La magistrate Adila Hamuth a rayé les charges provisoires retenues contre Madhukar Ramnarain et son épouse, Yam Youne, accusés d’avoir posté une bande sonore sur des réseaux sociaux contenant des « propos malveillants » envers la famille Jugnauth. La magistrate a statué que le « reasonable suspicion requirement has not been met in the present matter ».
Le couple Ramnarain répondait de deux charges provisoires, soit « use an information and communication service for the purpose of causing annoyance to another person by allegedly posting an audio file, which contains false, frivolous, vexatious and malicious allegations against a well known political figure, a minister in the government, his wife, his family, and others, on the social networks » et « made allegation of a fact prejudicial to the honour of the person whom such fact is alleged to wit posted the said audio file on the social networks and made several allegations against the aforesaid persons ». Le couple, défendu par Me Yatin Varma, avait logé une motion demandant la radiation des charges provisoires.
C’est suite à une déposition de Pravind Jugnauth, le 9 décembre 2014, que le couple avait été arrêté. Pravind Jugnauth avait déclaré qu’il avait vu, sur les réseaux sociaux, une bande sonore impliquant sa famille. Reconnaissant la voix du couple Ramnarain, qu’il connaissait depuis 30 ans, il les accusait d’avoir posté cette bande sonore. Le couple avait été arrêté le 17 décembre 2014. L’enquêteur principal dans cette affaire avait admis que c’est suite à la déclaration du ministre de la Technologie qu’ils avaient procédé à l’arrestation du couple Ramnarain. Lors d’une perquisition à leur domicile, la police avait saisi des équipements informatiques, dont un ordinateur portable contenant 3 000 photos de la famille Jugnauth, et un lien menant à la bande sonore.

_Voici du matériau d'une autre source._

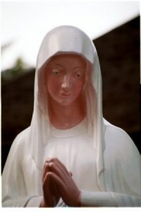 After drinking the beer and smoking half a joint I was standing a few meters away from the statue of Notre Dame when I realized that the Impecable White Icon of María was no longer a White Impecable María but rather was a Sad Weeping Madonna because a Black Tear of Sadness was running down from the right eye of the Image of Notre Dame de Banneux! I approached the Weeping Statue and was astounded dumbfounded as I saw a Black Sad Tear ‘running down’ from the inner corner of the right eye of the Icon of María! Never before had I seen such a Tear on the Face of the statue during the hours I had been exposed to the statue that early morning and during the night before; but now I saw Manifest a Black Sad Tear running down from the Eye of María. I wondered if I had been so inattentive to the details of this Icon of María, or maybe this was a black insect or a black leaf fallen by ‘chance’ with the wind on the eye of the statue of María? I considered all kinds of natural explanations that would account for the apparition of the Black Tear on the Eye of María; however I felt strange about the fact that the Forces of Nature had formed such a naturally sized Black Tear running down from the Eye of María to show me what was a very evident image of a Sad Weeping Madonna.

La magistrate a fait ressortir que l’officier n’avait pas mentionné si la perquisition avait eu lieu avant ou après l’arrestation du couple, mais que la police avait agi après la déclaration du ministre, l’ayant jugé « suffisante » pour procéder à l’arrestation du couple. Selon la magistrate, les photos trouvées sur l’ordinateur portable n’incriminent pas le couple, le plaignant étant une figure politique que le couple connaissait depuis longtemps. La magistrate a donc conclu qu’il n’y avait donc aucune “prima facie evidence” ni de “reasonable evidence” justifiant leur arrestation.